Adding subtle behavior is adding depth. Overlays, modeless feedback, or auto-completion algorithms are deep. They won’t show up on a feature comparison chart on the back of a box and will largely go unnoticed by the user. Depth is hard to describe and market since you can’t see it; you experience it, or more often the lack of it.

Insufficient depth causes many forms of frustration. Insufficient depth costs users time whereas adding depth costs developers time. Lack of depth causes many different forms of frustration: slow, buggy, intolerant of user errors, difficult to use. Lack of functionality causes only one form of frustration: “it doesn’t do what I need!”

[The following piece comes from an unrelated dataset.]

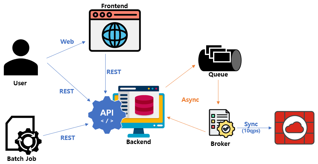 앞서 이야기 했다시피 본 서비스는 LBaaS 와 유사한 구조를 갖게 되었다. 다른점이라면 컨트롤 해야 하는 대상 장비의 수는 현저히 적다는 것과, 대상 장비의 관리 CPU 가 현저히 좋지 않았다는 점이다. CPU Load 가 높은 상태로 유지되면 Web Console 접속이나 API를 이용한 접근이 불가해지기 때문에 API call에 Throttling 을 추가하였다. (기억으로는 10 qps 로 하였다). Backend 에서 Broker 로의 메시지는 1개라 하여도 Broker 에서 장비로의 API call 은 여러개가 될 수 있다. 이 부분에 대한 Throttling 을 추가하였다고 보면 좋을 것 같다.
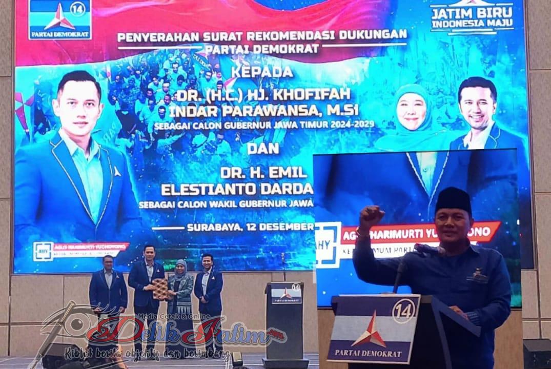Gubernur Jawa Timur Khofifah Indar Parawansa menyampaikan terima kasih atas rekomendasi yang diberikan Partai Demokrat kepada dirinya dan Emil Dardak. Rekomendasi tersebut menjadi modal penting untuk dirinya bisa kembali maju di Pilgub Jatim 2024.

Breadth is good when going after vertical markets. Specific markets have specific needs and care more about meeting those needs than meeting them in the most optimal (expensive) way possible. Depth is good for universal problems. Businesses lean towards breadth because it’s easier to calculate how it affects their potential market and requires less thinking. Depth leads to fandom. Breadth can lead to lock-in if you cover enough area at once.

Another Example

Here’s some of the UI for finding text in Microsoft Word 2007:

It’s wide and it also has some deep features such as “Find all word forms” and “Sounds like”. I don’t use any of these and you don’t either but it doesn’t bother me that they’re there. Microsoft obviously spent an enormous amount of money developing this and presumably some of their customers find these options useful.

But having this dialog doesn’t substitute for a quick way to jump to some text with minimal effort. Something like that would have the deep features of providing early-as-possible feedback, clear-as-possible results, and minimal user input. HandyFind is my attempt to do just that. It has virtually no UI stuff but it has deep features such as animation, interactivity, and multiple application support.


As a user and a sympathetic software developer I lean towards depth even if it means accepting that a particular version of software can’t do everything I want.